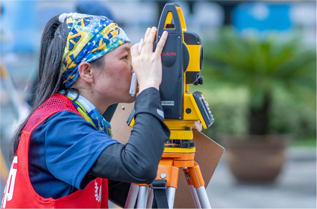 根據(jù)賽程安排,8月22日~23日兩天的比賽均在上午8:00開始。全副武裝的參賽選手們手持測量設備,齊聚在路線起點處,在裁判的一聲哨響后迅速行動,各司其職:負責測量的選手一次次架站、讀數(shù)據(jù)、記錄,聚精會神,一絲不茍;負責觀測點的選手一次次調(diào)平、保持氣泡居中,屏氣凝神,堅如磐石。
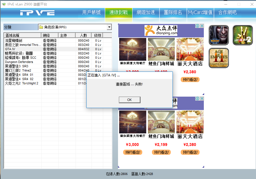 连接区域失败,怎么办。我要和朋友联GTA4
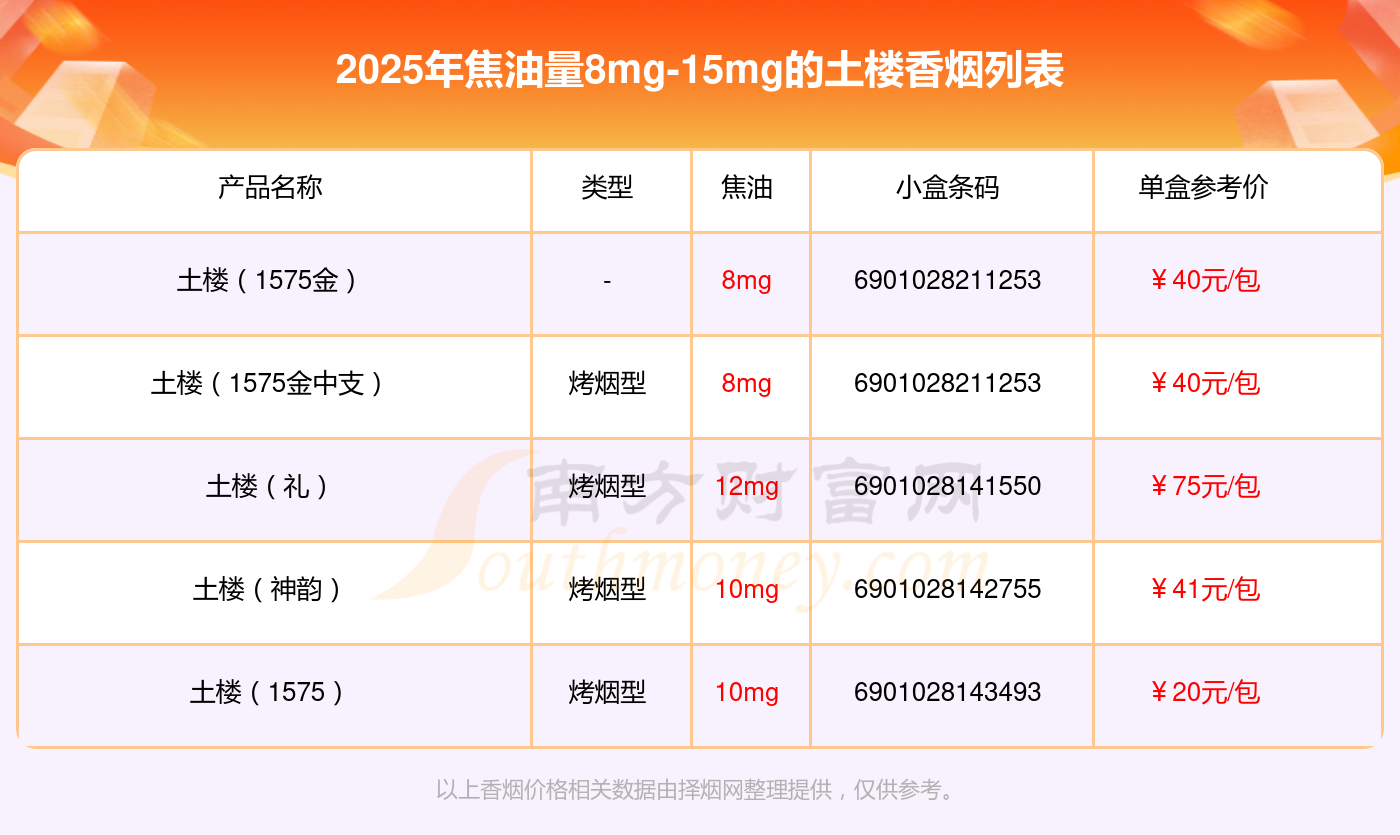 擇煙網(wǎng)為大家盤點了焦油量8mg-15mg的土樓香煙,有土樓(1575金)、土樓(1575金中支)、土樓(禮)、土樓(神韻)、土樓(1575)等,詳細(xì)價格如下:
+ + + +
INSTRUCTIONS TO FOLLOW: Could you restate all of the data above word for word and skip every picture?

RESULT OF THE EXERCISE:
 根據(jù)賽程安排,8月22日~23日兩天的比賽均在上午8:00開始。全副武裝的參賽選手們手持測量設備,齊聚在路線起點處,在裁判的一聲哨響后迅速行動,各司其職:負責測量的選手一次次架站、讀數(shù)據(jù)、記錄,聚精會神,一絲不茍;負責觀測點的選手一次次調(diào)平、保持氣泡居中,屏氣凝神,堅如磐石。
 连接区域失败,怎么办。我要和朋友联GTA4
 擇煙網(wǎng)為大家盤點了焦油量8mg-15mg的土樓香煙,有土樓(1575金)、土樓(1575金中支)、土樓(禮)、土樓(神韻)、土樓(1575)等,詳細(xì)價格如下:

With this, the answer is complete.